MICHEL MARTIN, host:

We brought you back that little musical souvenir from our trip to South Carolina for the primary last week. Now we have an audio postcard. It's an occasional feature our listeners bring back to us from their travels.

Producer Helen Clegg takes us to Brazil, where Carnival is just around the corner and frantic preparations are under way. Actual Carnival starts this Saturday and ends on Tuesday, exactly 40 days before Easter. But practice parties called blocos can be found all over town.

(Soundbite of music)

Ms. HELEN CLEGG: I love blocos - the street parties in Rio de Janeiro that help the city get warmed up for Carnival. And even the names of the parades range from sly to spicy. Some of them are obvious: Band of Ipanema, or just Tambourines. Some spell out the vibe, affection and (unintelligible) love are the brilliantly kind souls and a favorite of mine, I am Easy. And others are just plain random, like It's Good, but No One Knows.
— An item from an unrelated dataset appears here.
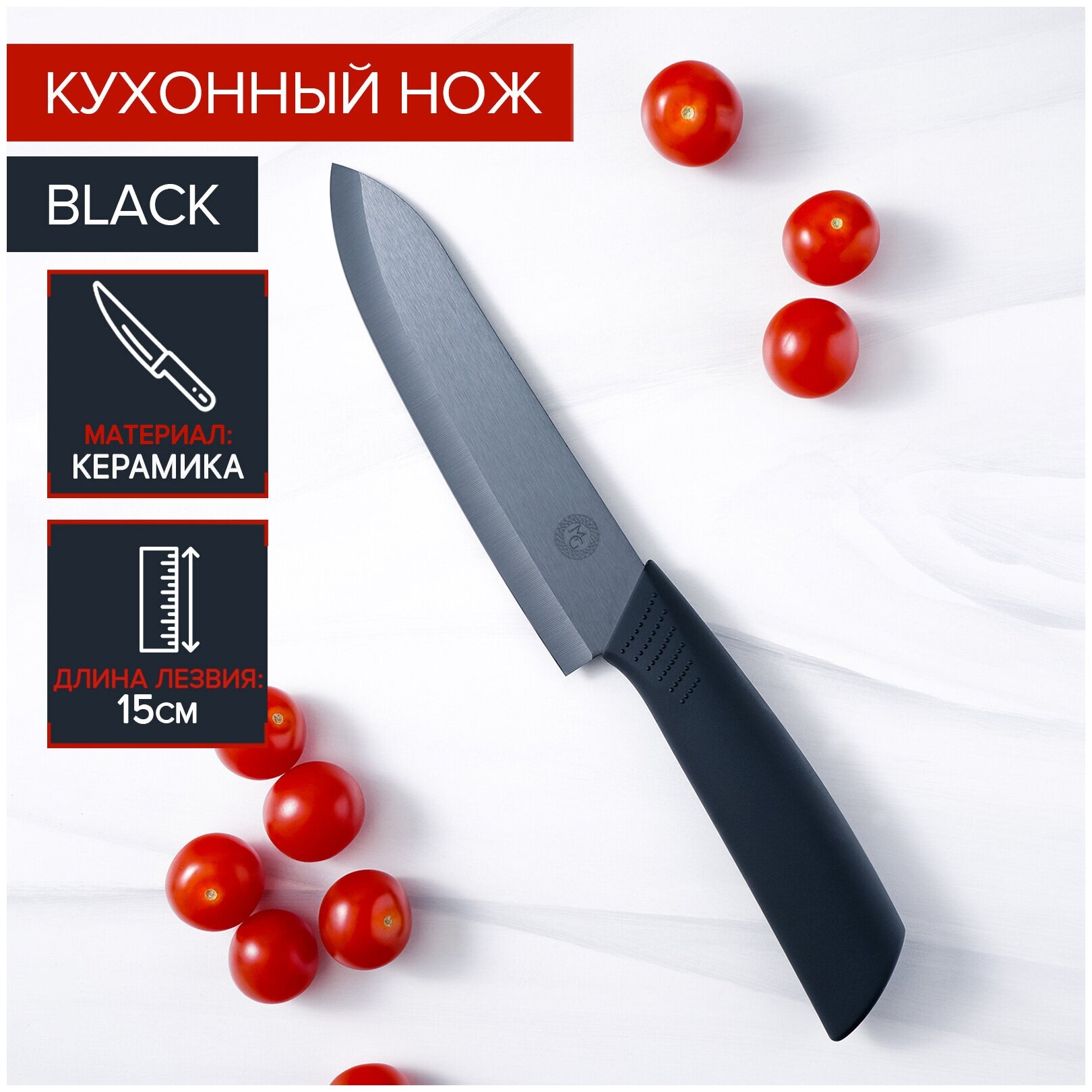 Нож кухонный керамический Black, лезвие 15 см, ручка soft-touch, цвет чёрный

Blocos begin here weeks before Carnival just to make sure every one's in the mood, while the samba schools actually get to do their thing. For many, they're the face of Carnival, groups rehearsing for months in the poorer neighborhoods off the valleys here so they can parade to the famous samba drum in style.

(Soundbite of music)

Ms. CLEGG: But for many people, the sheer mayhem of the blocos is what they're waiting for.

(Soundbite of music)

Ms. CLEGG: And there are around 200 of them across Rio, including blocos for children, gay and transvestites, and all of them full of colorful, fancy costume. I've seen men and/or women in heavenly jeweled string bikinis and poodles in tutus and slippers. But the truth spirit of Carnival, for me, is when everyone comes together. Add the heavy drumming or bacceria(ph) band, and each bloco's got its own, and the result is traffic stopping - literally.

(Soundbite of music)

Ms. CLEGG: Forget New Orleans' Mardi Gras. Rio Carnival blocos you can guarantee are the most debauched street parties you'll ever go to. You can buy a caipirinha or lethal Brazilian cocktails from around midday, and they drink well into the next morning. And at a bloco, you may well be asked by a Brazilian if you want to (unintelligible) around for a while, basically indulge in a kissing session. That, copious alcohol, and an intoxicating samba beat, make blocos, for me, unforgettable.

(Soundbite of music)

MARTIN: That was Helen Clegg. She is a producer based in Rio de Janeiro, Brazil.